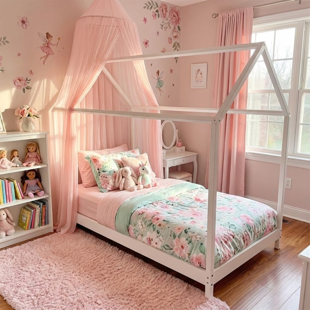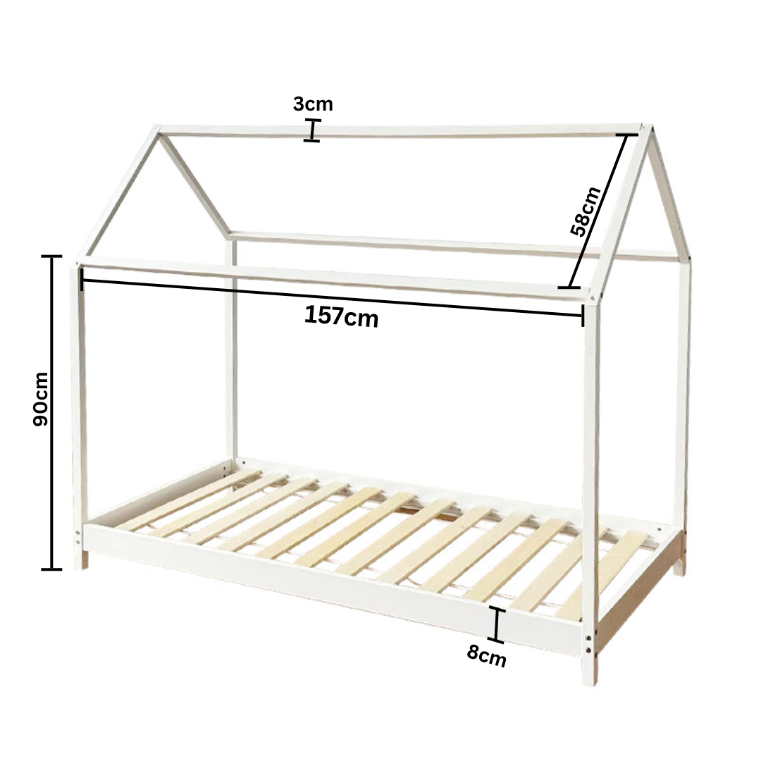 Dizajn iz bajke: Elegantan okvir u obliku kućice savršeno se uklapa u svaku modernu dječju sobu. Možete ga ukrasiti lampicama, zastoricama ili baldahinom kako biste stvorili unikatan kutak.
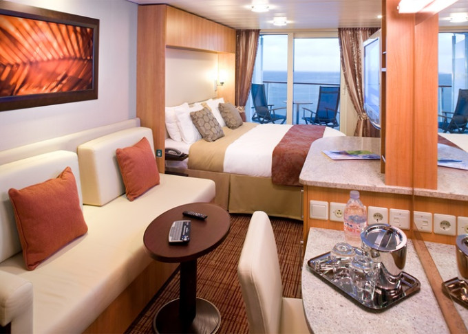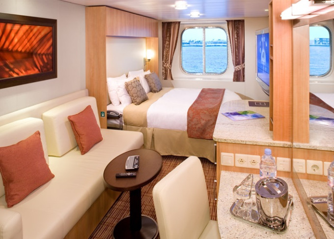 Základní vybavení všech kajut: koupelna s WC, fén, toaletní potřeby; lůžka, dostatek úložných prostor, toaletka se zrcadlem, individuálně nastavitelná klimatizace, TV, župany, trezor, minibar.
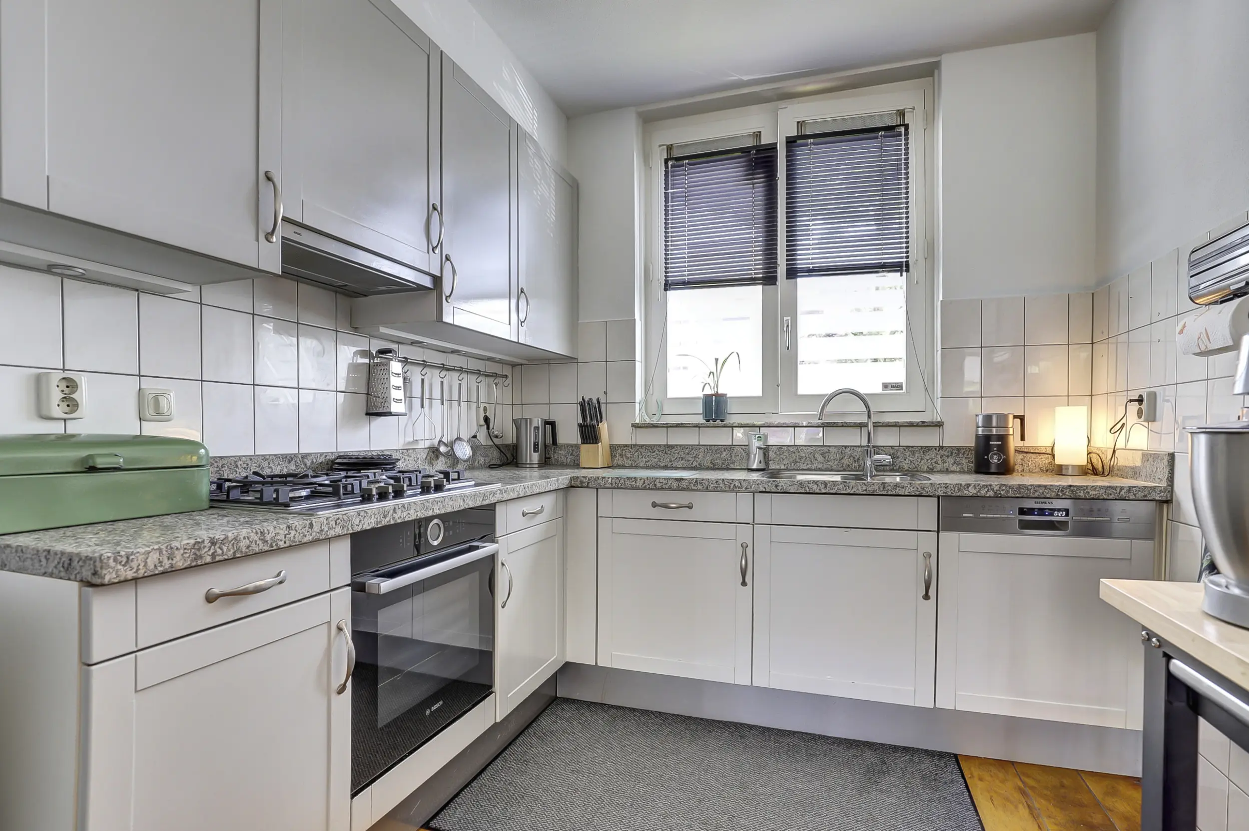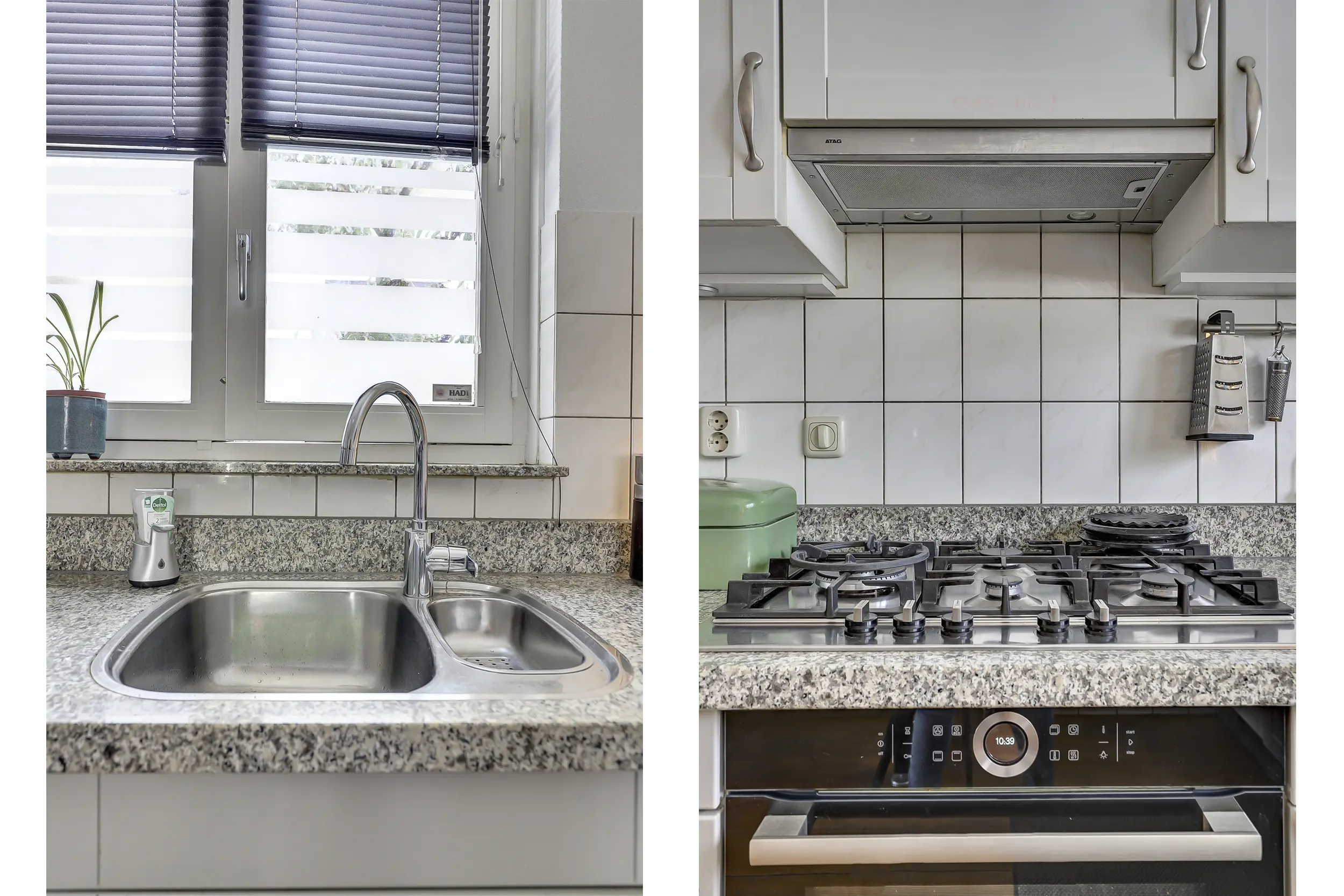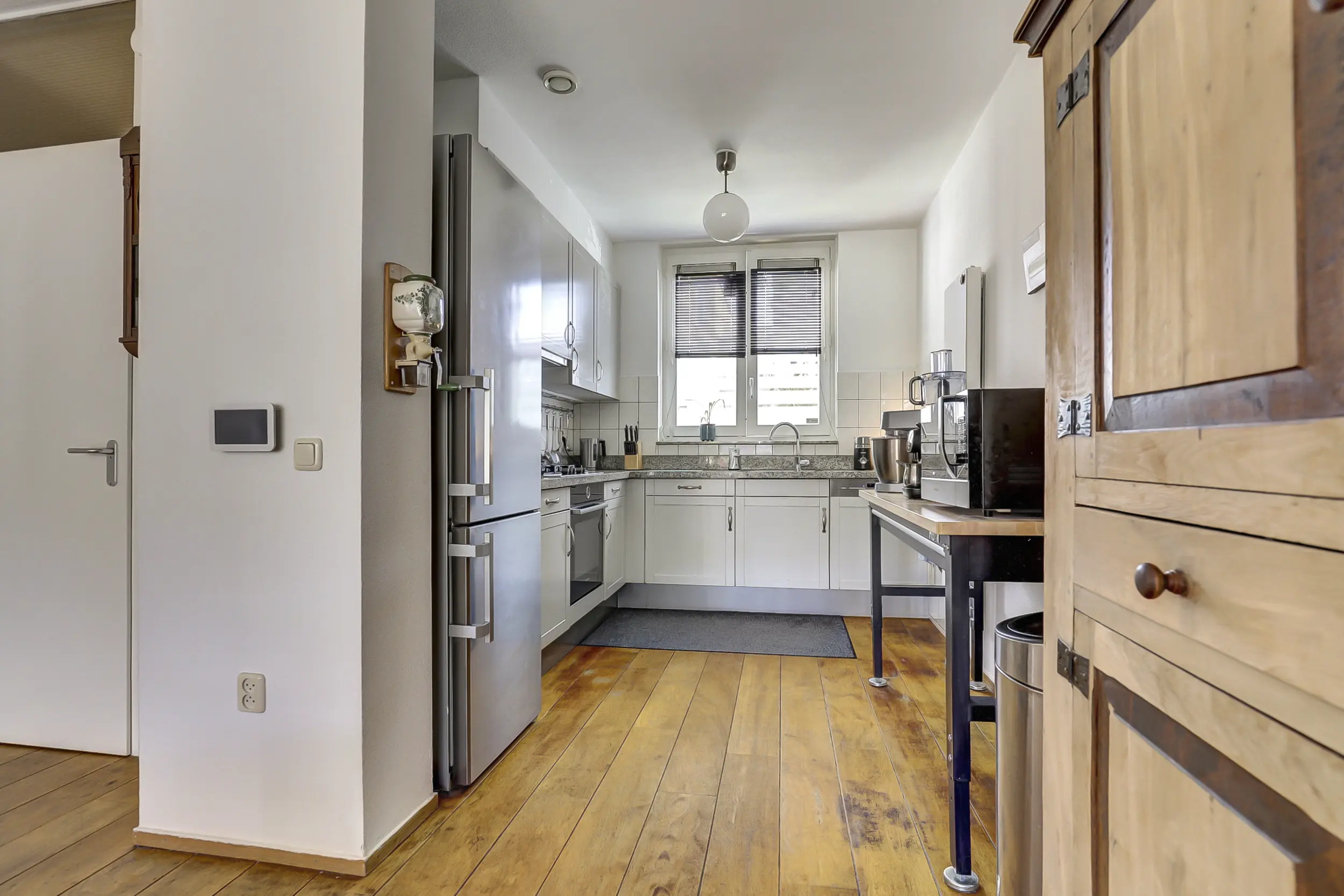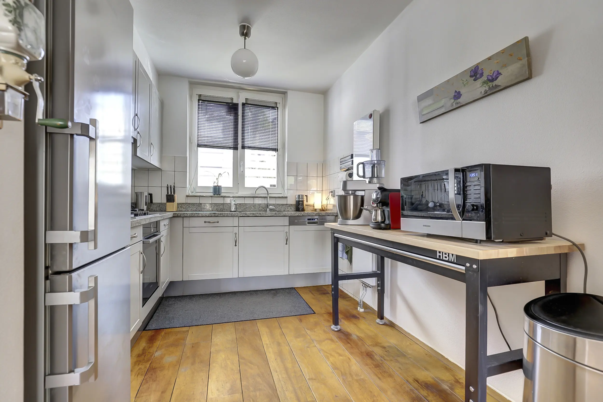 De lichte, open keuken is aan de voorzijde gelegen en opgesteld in een L-vorm met een granieten werkblad. De keuken is uitgerust met een geïntegreerde gaskookplaat met vijf branders, waaronder een krachtige wokbrander, een combi-oven, afzuigkap en vaatwasser. De koel-/vriescombinatie kan desgewenst achterblijven.
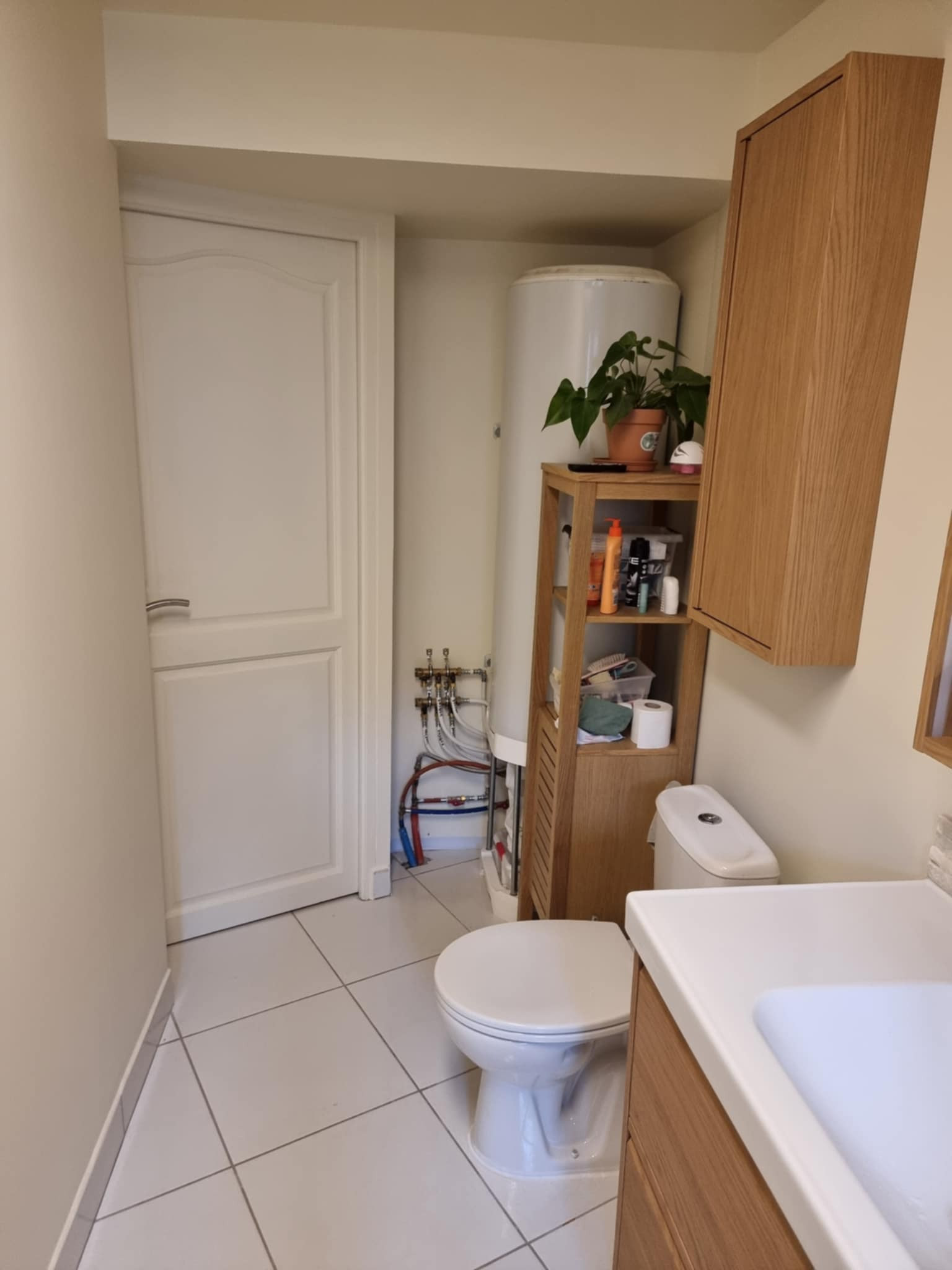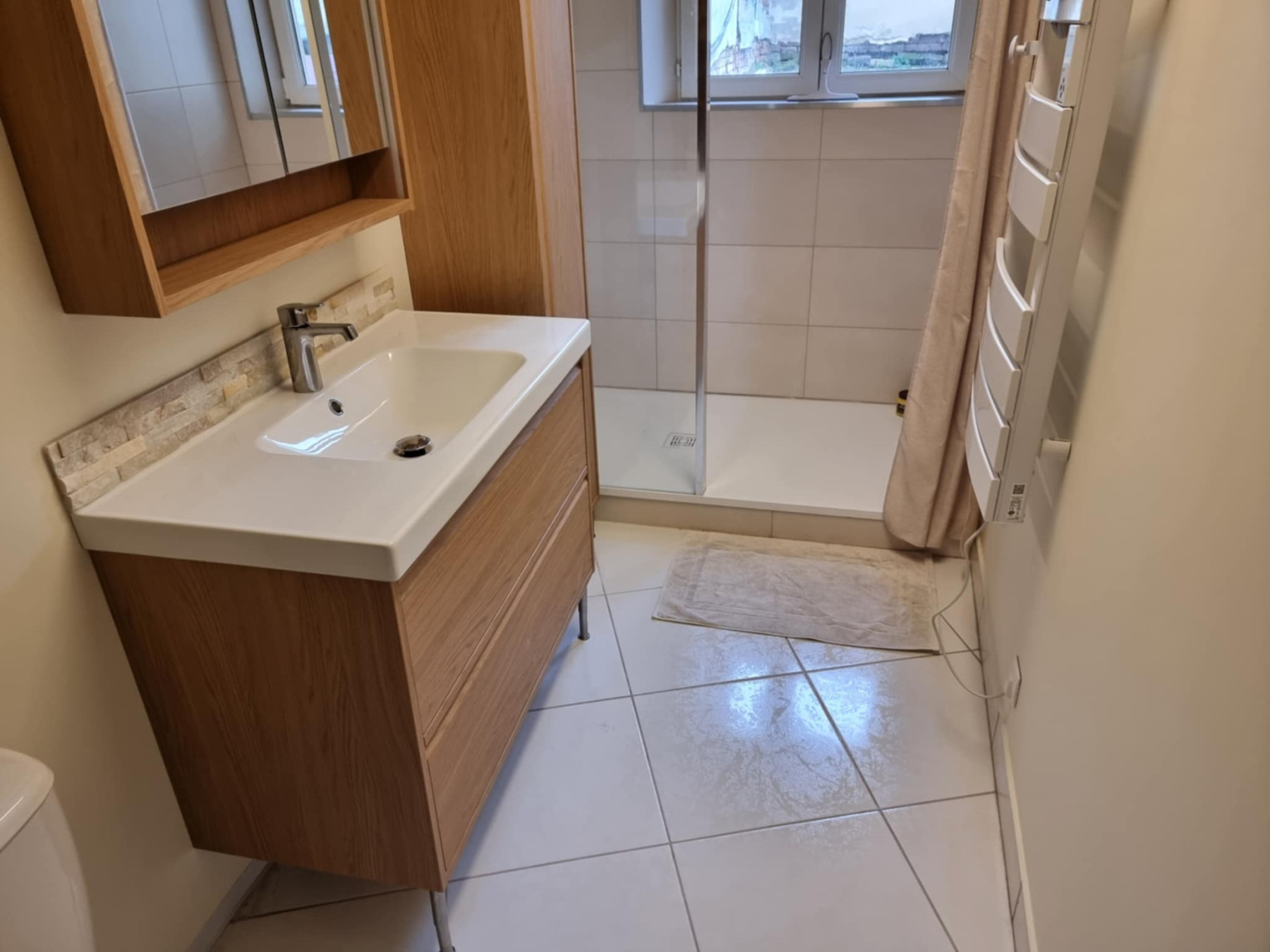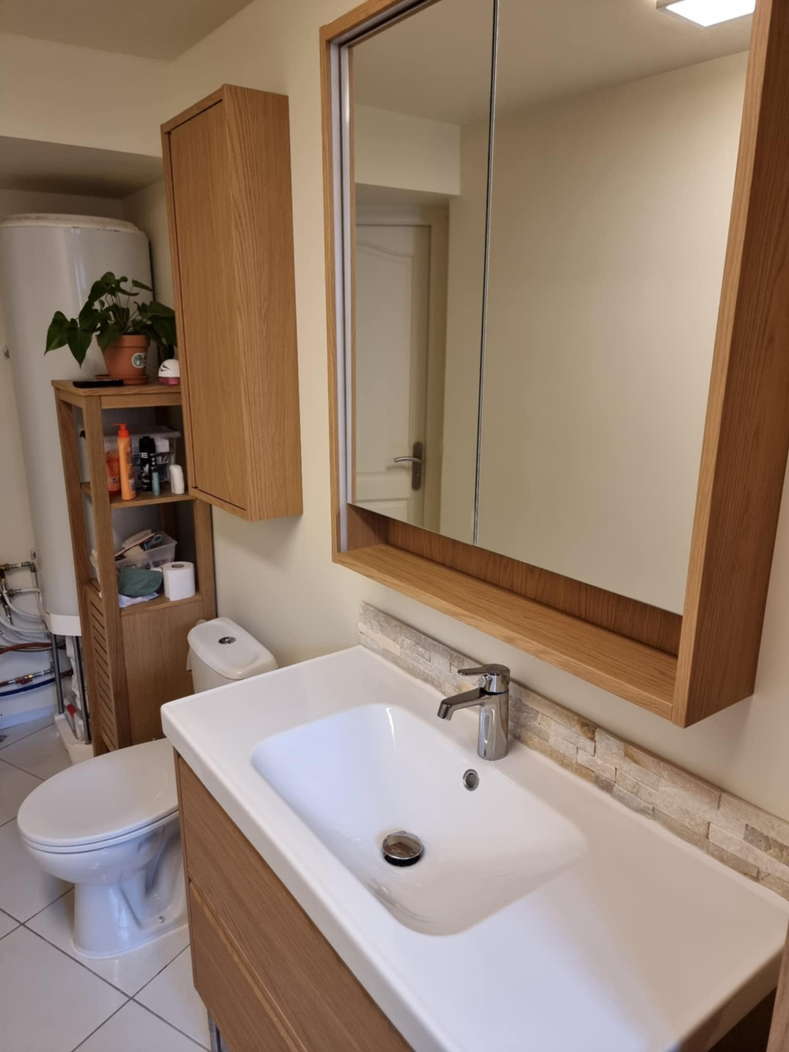 Pour finaliser la rénovation, CM Rénovation a également procédé à la pose du mobilier de salle de bain, incluant les éléments indispensables au confort quotidien : meuble vasque, rangements et équipements sanitaires.

---

» Problem
Where the line containing "De lichte, open" appears in the data above, begin there and output every line through the last, exactly and without pictures.

» Task output
 De lichte, open keuken is aan de voorzijde gelegen en opgesteld in een L-vorm met een granieten werkblad. De keuken is uitgerust met een geïntegreerde gaskookplaat met vijf branders, waaronder een krachtige wokbrander, een combi-oven, afzuigkap en vaatwasser. De koel-/vriescombinatie kan desgewenst achterblijven.
 Pour finaliser la rénovation, CM Rénovation a également procédé à la pose du mobilier de salle de bain, incluant les éléments indispensables au confort quotidien : meuble vasque, rangements et équipements sanitaires.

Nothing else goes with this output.